Verify each finding against the current code and only fix it if needed.

Inline comments:
In
`@docs/en/solutions/Localising_Ingress_Latency_Is_It_the_External_Load_Balancer_or_the_Gateway_Pods.md`:
- Around line 48-76: The curl probes (kubectl run curl-lb and curl-bypass) only
use --connect-timeout which limits TCP connect but not the whole request, so the
probe can hang during TLS handshake or slow reads; update both curl invocations
in the curl-lb and curl-bypass command strings to add a total timeout flag like
--max-time 10 (or -m 10) alongside --connect-timeout 2 to ensure each curl call
cannot block indefinitely and the probe loops continue to iterate.

---

Nitpick comments:
In
`@docs/en/solutions/Localising_Ingress_Latency_Is_It_the_External_Load_Balancer_or_the_Gateway_Pods.md`:
- Around line 118-119: Update the contradictory cleanup wording in the paragraph
that currently contains the phrases “Leaving them running indefinitely is fine
operationally” and “the loop runs forever—delete the namespace when finished”:
rephrase to say leaving probe pods running is acceptable only for the duration
of your investigation and explicitly recommend deleting the namespace (or
stopping the probes) immediately after the investigation completes to avoid
ongoing load balancer costs.
- Around line 66-71: The HOST extraction can include an explicit port (e.g.
host:1234) which breaks the intended SNI/--resolve mapping; update the script so
after computing HOST you strip any ":port" suffix into a new variable (e.g.
HOST_NO_PORT) and use that when calling --resolve and when passing the SNI/Host
header, and add a short validation note that URL should be https://... or fail
early if scheme is not https; locate the HOST assignment and all occurrences of
--resolve "$HOST:443:$ip" (and any direct uses of HOST for TLS/SNI) and replace
them to use the port-stripped hostname variable instead.
- Around line 54-56: The curl examples use the -k/--insecure flag (see the "curl
-sk --noproxy \"*\" --connect-timeout 2 -w ..." snippet), which should be
explicitly marked as troubleshooting-only; add a concise one-line note adjacent
to both curl snippets advising to remove -k when the CA is trusted (or replace
with a proper --cacert/CA-config) and to only use -k for self-signed/untrusted
certs during troubleshooting so readers don’t normalize insecure TLS behavior.

🪄 Autofix (Beta)

Fix all unresolved CodeRabbit comments on this PR:

Push a commit to this branch (recommended)
Create a new PR with the fixes

ℹ️ Review info

⚙️ Run configuration

Configuration used: Organization UI

Review profile: CHILL

Plan: Pro

Run ID: 34ccbf8d-4243-4a53-9b5f-4fb610aae498

📥 Commits

Reviewing files that changed from the base of the PR and between c8b7b50 and 4d36b3b.

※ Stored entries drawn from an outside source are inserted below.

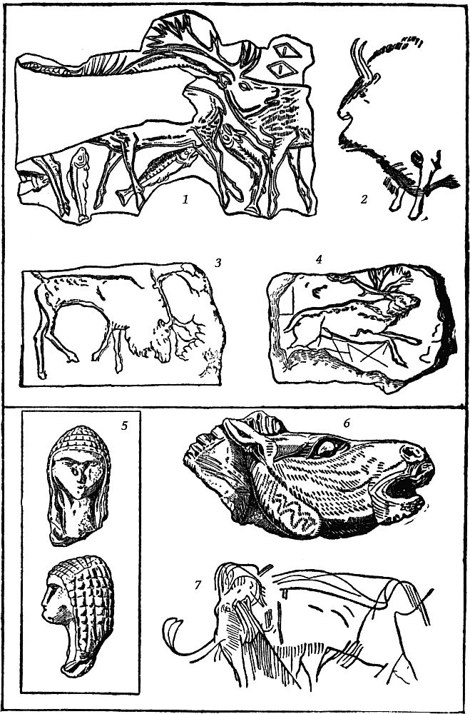 Carvings in Ivory (1 and 3–7) and in Stone of Cavern Walls (2), made by the Hunters of the Middle Stone Age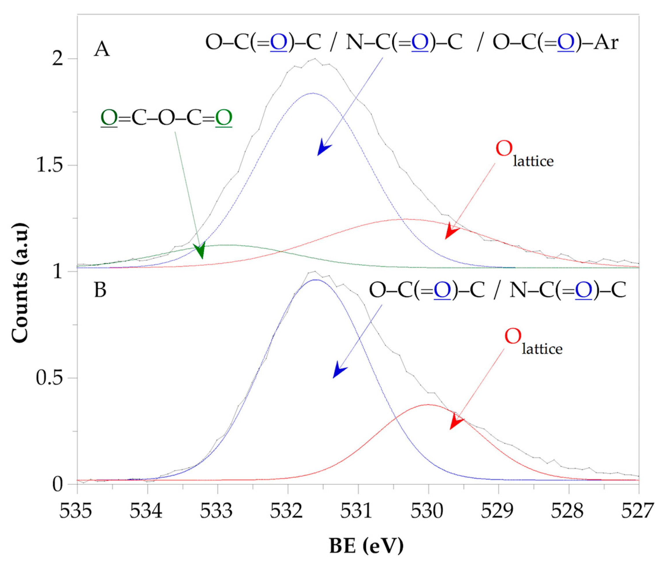 Figure 6 shows the O1s core-level normalized spectra of Nano Hydro 2 (Figure 6A) and Hydro 2 (Figure 6B), with the components of the O1s spectrum of Hydro 2 being observed at two positions. The components and their atomic concentrations are Clattice at 530.6 eV [48] (3.5%) and O–C(=O)–C [49]/N–C(=O)–C [43] at 531.5 eV (4.5%). Conversely, the components of the O1s spectrum of Nano Hydro 2 are detected at three positions: Clattice at 530.3 eV [48] (5.8%), O–C(=O)–C [49]/N–C(=O)–C [43]/O–C(=O)–Ar [49] at 531.7 eV (13.6%), and O=C–O–C–O [49] at 532.8 eV (2.1%). Lattice oxygen atoms represent oxygen atoms within a bulk structure. In redox reactions, such as those used in this study for hydrogel and nanocomposite hydrogel synthesis, the lattice atoms can participate in electron transfer reactions [50]. Oxygen contamination of polyacrylamide gels during gel preparation has also been reported [51]. The higher atomic concentration of Olattice in Nano Hydro 2 compared with Hydro 2 indicates lattice oxygen contributions from CNTsOxCl. Furthermore, the increased atomic concentration of the bonds detected at 531.7 eV in the spectrum of Nano Hydro 2 than those detected at 531.5 eV in the spectrum of Hydro 2 is due to the contributions of the O–C(=O)–Ar functionality. This confirms the incorporation of CNTsOxCl in Nano Hydro 2 and reflects the aromatic nature of CNTs, as previously reported [52]. Furthermore, the detection of the anhydride functionality at 532.8 eV in Nano Hydro 2 confirms that functionalized CNTs are embedded in the developed nanocomposite hydrogels, as shown in Scheme 1.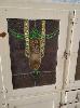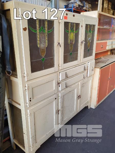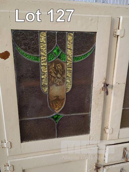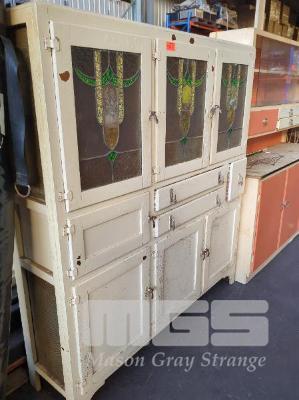 VINTAGE DECO KITCHEN DRESSER WITH STAINED GLASS DOOR PANELS.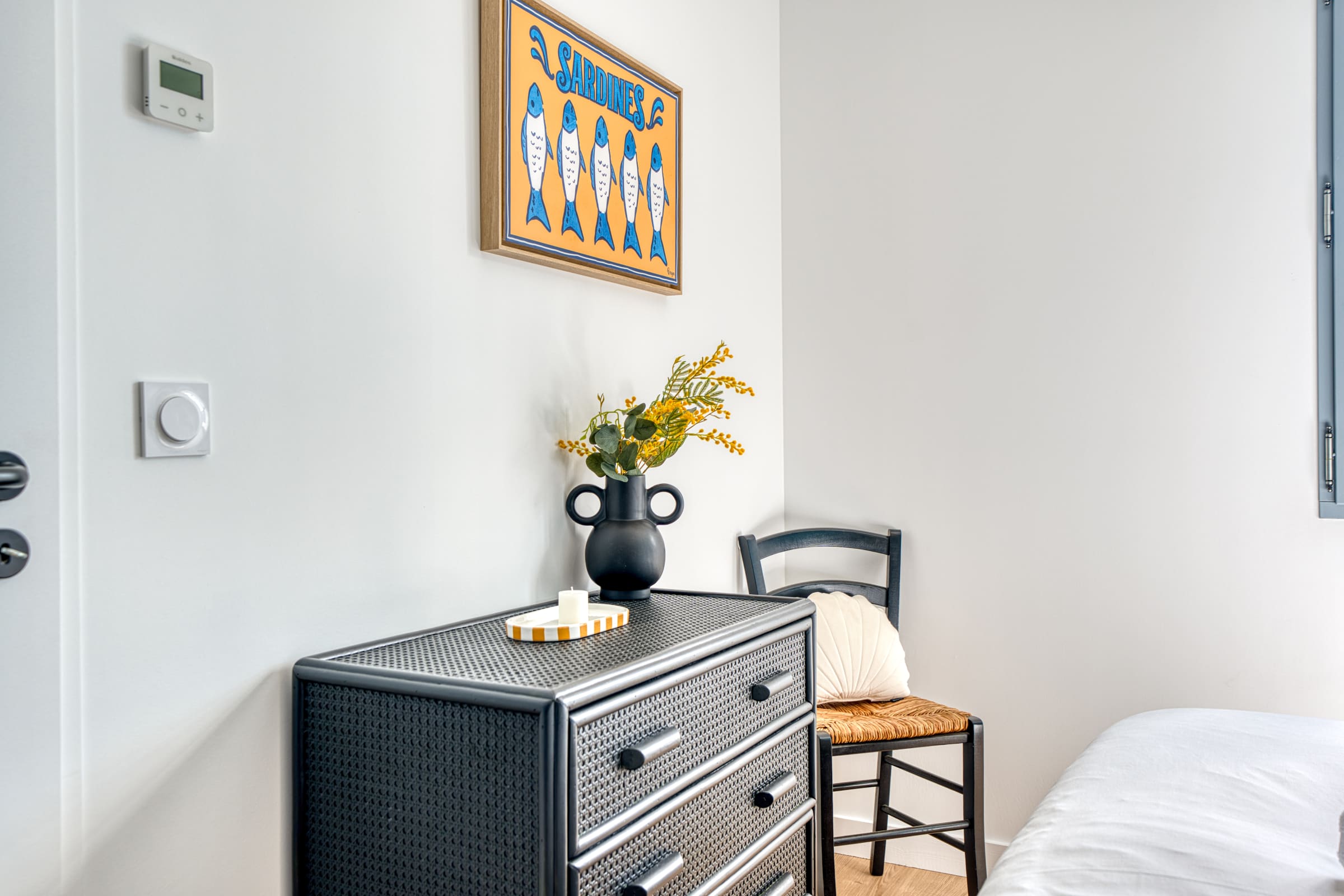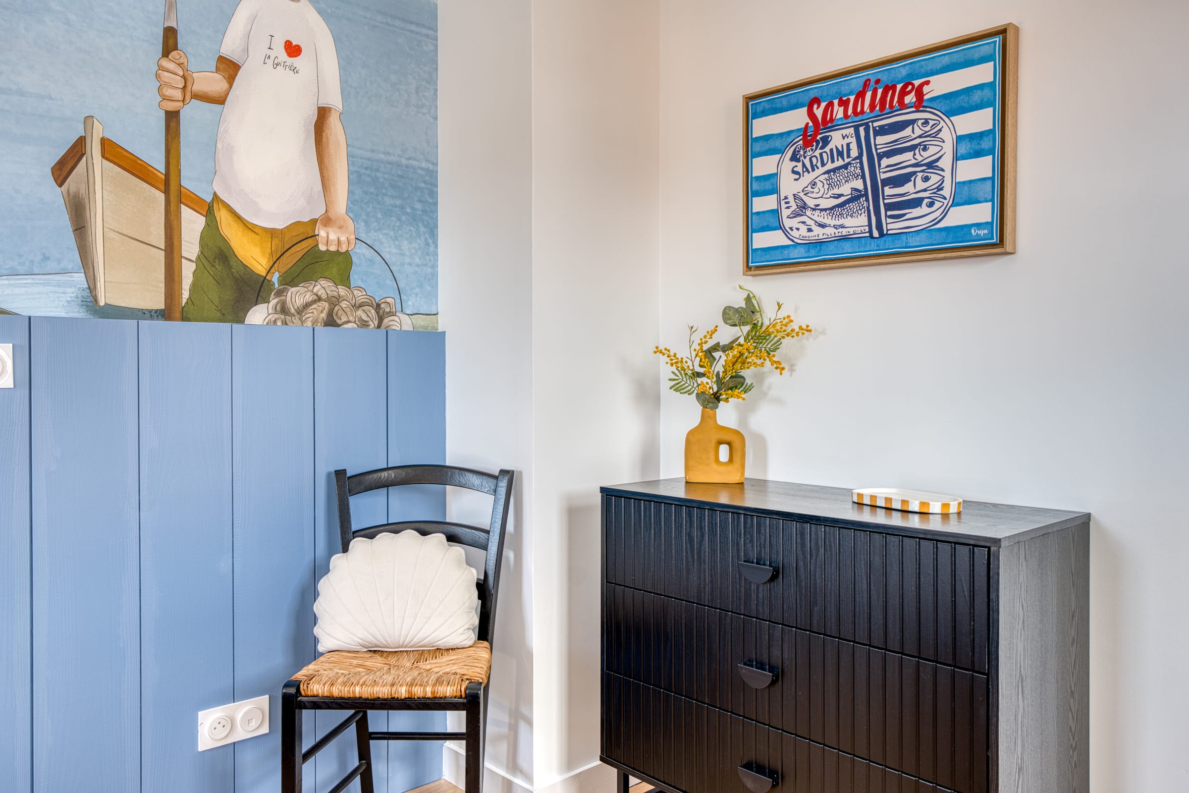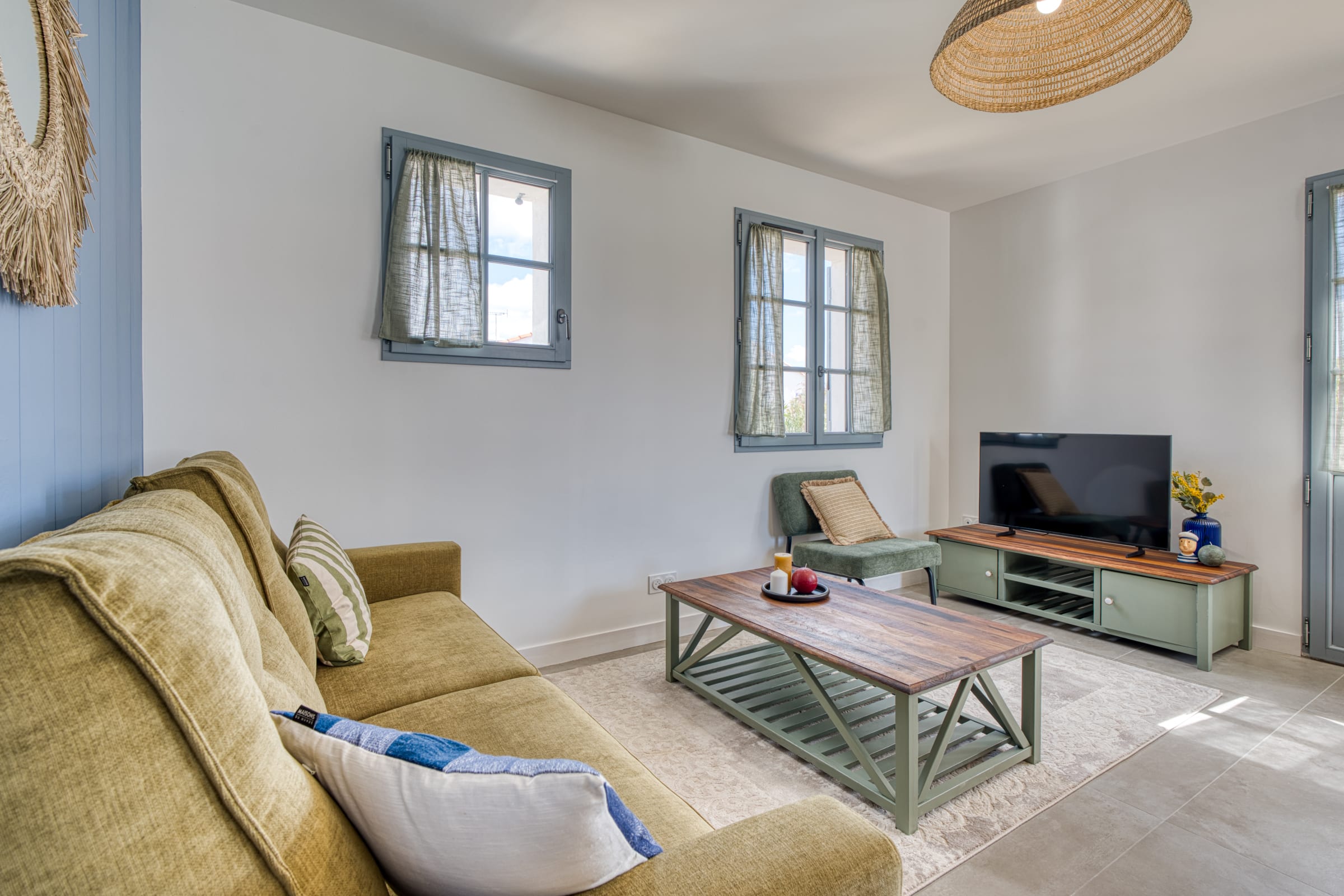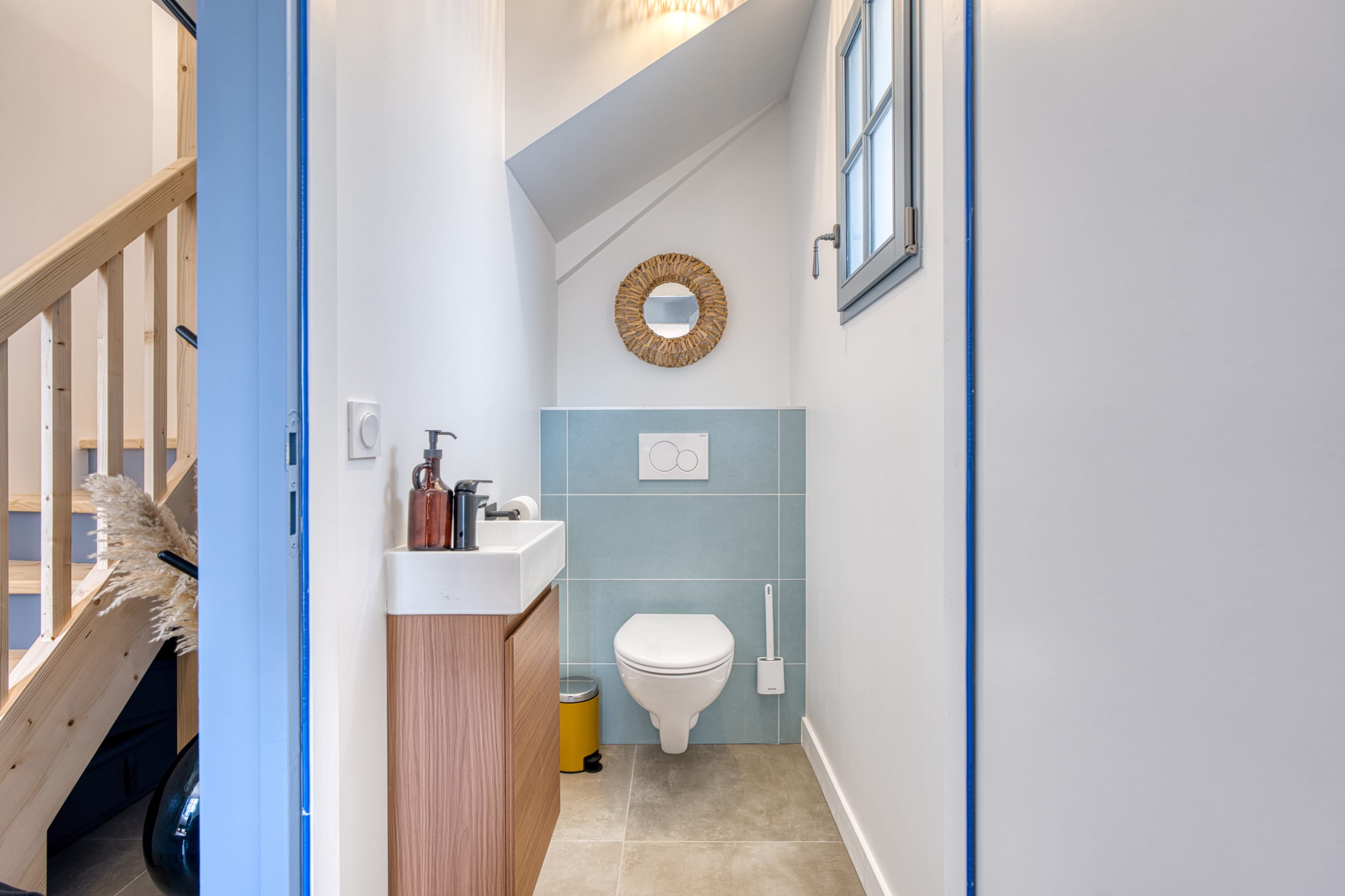 Right from the doorstep, the ground floor reveals a warm and functional living area. The living room, equipped with a smart TV and Wi-Fi connection, offers a comfortable relaxation space. It opens onto a lovely, fully equipped kitchen designed to make your stay easier: you will find everything you need for your breakfasts (Nespresso coffee machine, kettle, toaster), a dishwasher as well as a washing machine seamlessly integrated. To top it all off, raclette and fondue sets are at your disposal for gourmet and convivial evenings after a day at the beach!

📒 Files selected for processing (1)

docs/en/solutions/Localising_Ingress_Latency_Is_It_the_External_Load_Balancer_or_the_Gateway_Pods.md

coderabbitai · 2026-05-02T10:26:52Z

+3. **Run the LB-fronted probe** — this is what your users see. It records per-request latency and HTTP response code:
+
+   ```bash
+   kubectl -n ingress-latency-probe run curl-lb --restart=Never \
+     --image=curlimages/curl:8.10.1 --command -- sh -ec '
+       while :; do
+         curl -sk --noproxy "*" --connect-timeout 2 \
+           -w "remote_ip=%{remote_ip} code=%{response_code} connect=%{time_connect} total=%{time_total}\n" \
+           -o /dev/null "'$URL'" || true
+         sleep 5
+       done'
+   ```
+
+4. **Run the bypass probe** — same URL, but resolve the hostname to each gateway IP in turn via `curl --resolve`. TLS SNI still matches the certificate because the Host header and SNI host stay the same.
+
+   ```bash
+   kubectl -n ingress-latency-probe run curl-bypass --restart=Never \
+     --image=curlimages/curl:8.10.1 --command -- sh -ec '
+       HOST=$(printf "%s" "'$URL'" | awk -F/ "{print \$3}")
+       while :; do
+         for ip in '"$(echo $GATEWAY_IPS | tr "\n" " ")"'; do
+           curl -sk --noproxy "*" --connect-timeout 2 \
+             --resolve "$HOST:443:$ip" \
+             -w "remote_ip=%{remote_ip} code=%{response_code} connect=%{time_connect} total=%{time_total}\n" \
+             -o /dev/null "'$URL'" || true
+         done
+         sleep 5
+       done'
+   ```


⚠️ Potential issue | 🟠 Major | ⚡ Quick win

--connect-timeout isn’t enough: add --max-time (or -m) to prevent curl hangs.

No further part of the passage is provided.